Facilitation and Inhibition in Word Recognition

The lexical decision task reveals two key phenomena that shape how we recognize words:

Facilitation: Related words help each other. After seeing “doctor,” you recognize “nurse” faster.
Inhibition: Similar words compete. In human word recognition, we see two types:
1. Inhibitory Priming: Context-dependent. Seeing “stiff” makes you recognize “still” slower.
2. Neighborhood Density: Context-independent. Words with more phonological neighbors are recognized slower.

Crucially, these effects depend on temporal correlation - the recency of when a word was heard or read directly influences the strength of facilitation or inhibition. Recent exposure creates stronger priming effects that decay over time, revealing how our word recognition system maintains a dynamic state influenced by recent linguistic experience.

These effects highlight how our brains balance quick recognition with the challenge of disambiguating similar-sounding words. This competition reveals that word recognition isn’t just about matching input to stored entries, but about navigating a complex network where activation spreads and competes.

The Associative Web

We don’t store words like a dictionary. There’s no alphabetical lookup in your brain. Instead, words exist in an associative web - a network where related concepts link together, and activating one word sends ripples through everything connected to it.

Notice that this idea isn’t unique to human cognition. In AI, word embeddings like Word2Vec create a similar associative structure. Words with related meanings cluster together in the embedding space, mirroring the semantic connections in our mental lexicon.

Semantic network showing mediated priming

But in humans, looking at facilitation, why doesn’t everything get activated when we hear a word? Two key principles govern spreading activation:

Spreading activation takes time - Neural signals don’t travel instantaneously
Activation decays - Without sustained input, neural activity fades

The result: only local subnetworks get activated. This predicts that mediated priming should be weaker than direct priming. For instance, “tiger” should prime “stripes” less effectively than “lion” primes “tiger,” because the activation must travel through an intermediate node and decay along the way.

The Cohort Model and Parallel Activation

The Cohort Model, proposed by Marslen-Wilson (1987), suggests that as we hear a word, we activate a “cohort” of all possible words that match the input so far. For instance, hearing “gar-“ might activate garden, garbage, garlic, etc. As more phonemes are heard, the cohort narrows until only one word remains.

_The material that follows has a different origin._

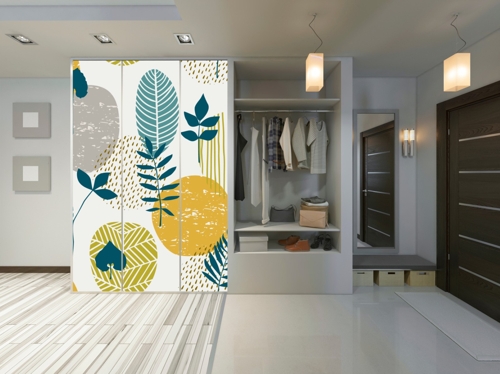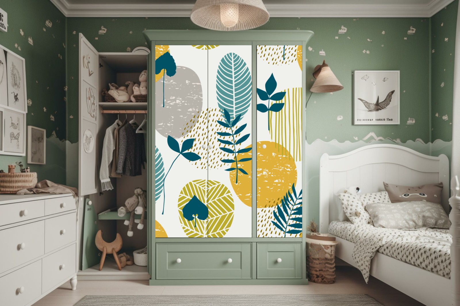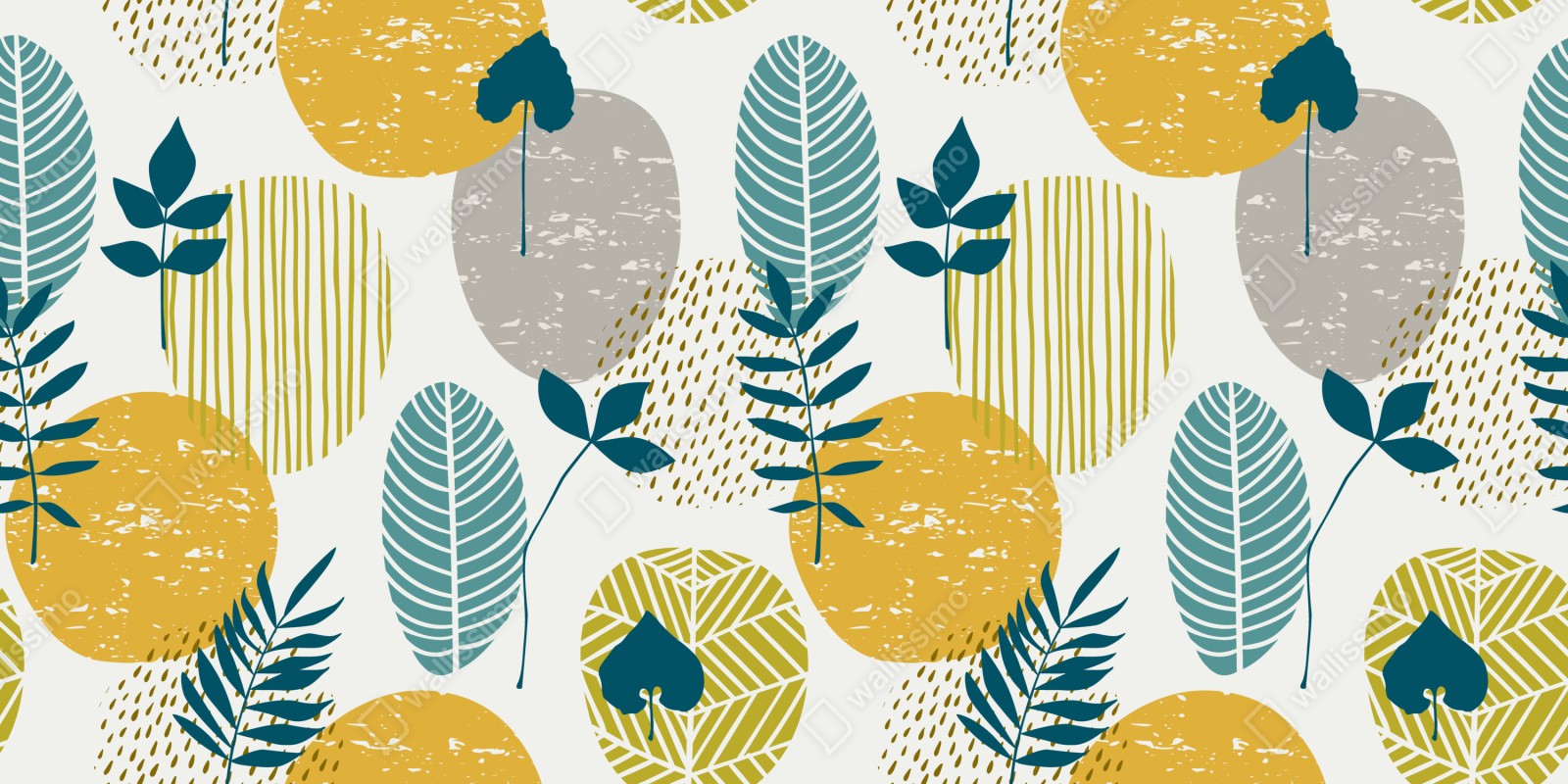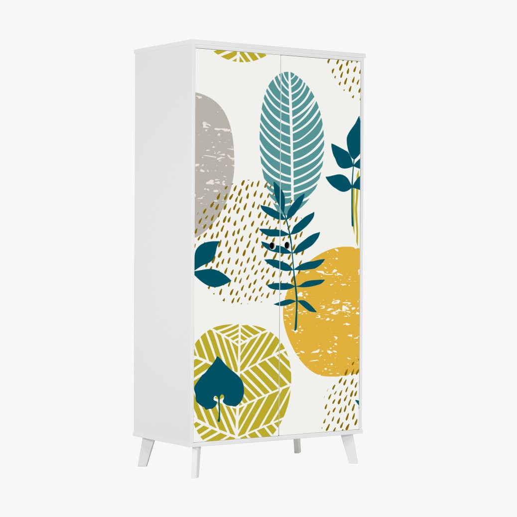 Schrankaufkleber Türkis-senfgelbes botanisches muster

This parallel activation is remarkably efficient, allowing us to recognize words before they’re fully spoken. LLMs show a similar process when using phoneme-level (rather than “morpheme”-level) tokenization - they consider multiple possible continuations simultaneously as they generate sequences. The uncertainty from large cohort sizes mirrors high-entropy decision points in LLMs - moments of significant uncertainty about the next token. Both systems must resolve competition: brains between similar-sounding words in the cohort, LLMs between high-probability token candidates.

We can explicitly observe similar uncertainty patterns in human brains. The N400 component (~400ms) reflects semantic processing difficulty—larger responses indicate contextually unexpected or semantically unrelated words. The P300 component (~300ms) tracks categorization certainty, with diminished amplitude when stimulus properties conflict. In research involving antonym processing tasks, where participants judged whether semantically related words like “yellow” versus unrelated words like “nice” were antonyms of “black,” related non-antonyms showed reduced P300 amplitude, indicating lower decision certainty. This brain-based uncertainty signal parallels model entropy in LLMs, suggesting similar challenges in resolving semantic competition.

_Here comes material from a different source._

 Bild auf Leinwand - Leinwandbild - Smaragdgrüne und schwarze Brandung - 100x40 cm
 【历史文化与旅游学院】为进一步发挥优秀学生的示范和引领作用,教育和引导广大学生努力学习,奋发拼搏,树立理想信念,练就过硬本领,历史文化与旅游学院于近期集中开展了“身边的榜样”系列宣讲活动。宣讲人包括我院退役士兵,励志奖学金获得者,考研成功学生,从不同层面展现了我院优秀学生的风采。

Phonological Complexity Beyond Cohorts

Interestingly, Allopenna et al. (1998) used eye-tracking to show that rhyme words (like “speaker” when hearing “beaker”) also attract associations, albeit less than cohort competitors. This challenges strict left-to-right processing models and suggests a more complex network of activation.

Eye-tracking reveals word competition

In their experiment, participants were asked to look at the center, then instructed to “look at the beaker.” The graph shows fixation probability over time for the target (beaker), cohort competitor (beetle), rhyme competitor (speaker), and unrelated distractor (carriage). Notice how both cohort and rhyme competitors initially attract attention before the target dominates.

The rhyme competitor effect is particularly intriguing. While the cohort model predicts that “beetle” should attarct gaze when hearing “bee-“ (since it shares the initial phonemes), why would “speaker” compete when hearing “beaker”? They don’t share any initial sounds. This suggests something beyond simple left-to-right processing.

The TRACE model by McClelland & Elman (1986) offers an explanation. Rather than explicit rules, TRACE proposes that phonological knowledge rises from weighted connections between units - what appears to be rule-following is actually emergent behavior from simple interactions.

LLMs takes TRACE’s “emergent behavior” to its extreme, showing similar abilities to recognize rhymes and phonetic patterns despite being trained purely on text. Research on transformer circuits reveals how models develop emergent understanding of sound patterns through exposure to poems and explicit rhyme schemes, with no direct phonetic input.¹

This mirrors the TRACE model’s insight: what appears to be explicit phonetic knowledge may actually be an artifact emerging from larger patterns in the data. Just as we inherit language from the society around us, LLMs inherit not only language but also implicit ideas about phonetics that they can’t directly experience. They develop understanding of rhymes, alliteration, and other sound patterns purely through statistical exposure to how humans use language. However, because LLMs are trained through tokenization schemes that prioritize meaning over phonetics, they’re unlikely to exhibit the same rich phonetic activation patterns that humans demonstrate.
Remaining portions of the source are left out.